ZEITmagazin: Herr Jehs, Herr Laub, im Herbst 2010 hat das ZEITmagazin Designbüros gebeten, Vorschläge einzureichen, wie man Alltagsgegenstände verbessern könnte – und Sie haben mitgemacht.

Markus Jehs: Ja, es wurden damals mehrere Entwürfe von uns abgedruckt, unter anderem eine neu gestaltete Wärmflasche, die wir »Pill« nannten.

ZEITmagazin: Was ist danach passiert?

Jürgen Laub: Wir wurden bombardiert mit Bestellungen. Leute haben sogar bei mir zu Hause angerufen, nur um zu erfahren, wo sie diese Wärmflasche kaufen könnten.

Jehs: Viele hatten wohl nicht verstanden, dass es sich bei der Darstellung um eine Computergrafik handelte. Die glaubten, die Wärmflasche gebe es wirklich.

Laub: Und um dieser Schuldigkeit nachzukommen, suchten wir dann einen Hersteller für unsere Produktidee.

ZEITmagazin: Ihre Wärmflasche wird nun ab November im Handel erhältlich sein, für etwa 30 Euro, produziert von der Marke Authentics. Was ist an »Pill« besser als an herkömmlichen Wärmflaschen?

Laub: Wir haben uns an der Form der alten Kupferwärmflaschen, die es Anfang des 20. Jahrhunderts gab, orientiert. Die konnte man auf den Tisch stellen und das Wasser oben eingießen. Man musste sie nicht wie die heute üblichen Modelle in der Hand halten, um sie mit heißem Wasser zu befüllen. Unsere »Pill« hat einen flachen elliptischen Körper und den Hals in der Mitte. Wenn sie voll ist, schraubt man sie zu und versenkt den Hals mit einem Ploppen in der Flasche.
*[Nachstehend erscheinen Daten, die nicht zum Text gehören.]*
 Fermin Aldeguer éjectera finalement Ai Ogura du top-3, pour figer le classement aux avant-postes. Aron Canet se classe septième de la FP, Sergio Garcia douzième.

Jehs: Man verbrennt sich nie mehr die Finger beim Eingießen. Außerdem hat sie eine Neoprenhülle. Dadurch wird sie nicht gleich brüllend heiß und behält ihre Wärme länger.

ZEITmagazin: Wie schwierig war es, aus der Idee ein Produkt zu machen?
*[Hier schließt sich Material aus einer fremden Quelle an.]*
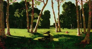 1879 год. В картине сохранен прием среза верхнего края изображения, как в фотокадре, придавшего виду некий частный характер. В картине Березовая роща Куинджи расширяет плоскость неба и разрежает планы, в связи с чем меняется интерпретация пейзажа, устремленная к передаче светлого и радостного состояния природы.
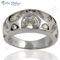Sterling silver ring with multiple cubic zirconia stones, perfect for adding sparkle to any outfit.

Laub: Wir mussten zunächst einmal das richtige Material finden. Ältere Wärmflaschen waren aus Gummi, das hält aber nicht so lange. Dazu muss unser Modell aus zwei Hälften zusammengeschweißt werden. Und Gummi lässt sich nicht schweißen. Also mussten wir erst mal einen weichen, körperfreundlichen Kunststoff finden.
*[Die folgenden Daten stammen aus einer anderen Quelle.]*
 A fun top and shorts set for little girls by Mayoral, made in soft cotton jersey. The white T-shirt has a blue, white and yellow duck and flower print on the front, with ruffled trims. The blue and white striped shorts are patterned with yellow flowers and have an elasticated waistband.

Jehs: Aber viel mehr Probleme hat uns bereitet, dass der Lieferant in China , mit dem unser Hersteller Authentics zusammengearbeitet haben, zwischenzeitlich pleiteging. Plötzlich waren alle Werkzeuge in der Fabrik verschwunden, und wir mussten wieder von vorne anfangen.

ZEITmagazin: Nun hat nach zwei Jahren alles ein gutes Ende genommen. Können Sie erklären, wie es sein kann, dass all die Jahrzehnte niemand auf die Idee kam, eine Wärmflasche anders zu gestalten?

Jehs: Ich kann mir vorstellen, dass man das früher schon versucht hat, als man anfing, Wärmflaschen aus Gummi zu machen. Aber der Gummi ließ sich eben nicht schweißen wie Kupfer. Man kann das Material nur ausblasen. Also hat es der Flasche ihre Form aufgezwungen.

Laub: Und als es dann endlich möglich war, mit Kunststoffen zu arbeiten, dachte einfach niemand mehr daran. Man hatte sich eben schon daran gewöhnt, sich ständig die Finger zu verbrühen.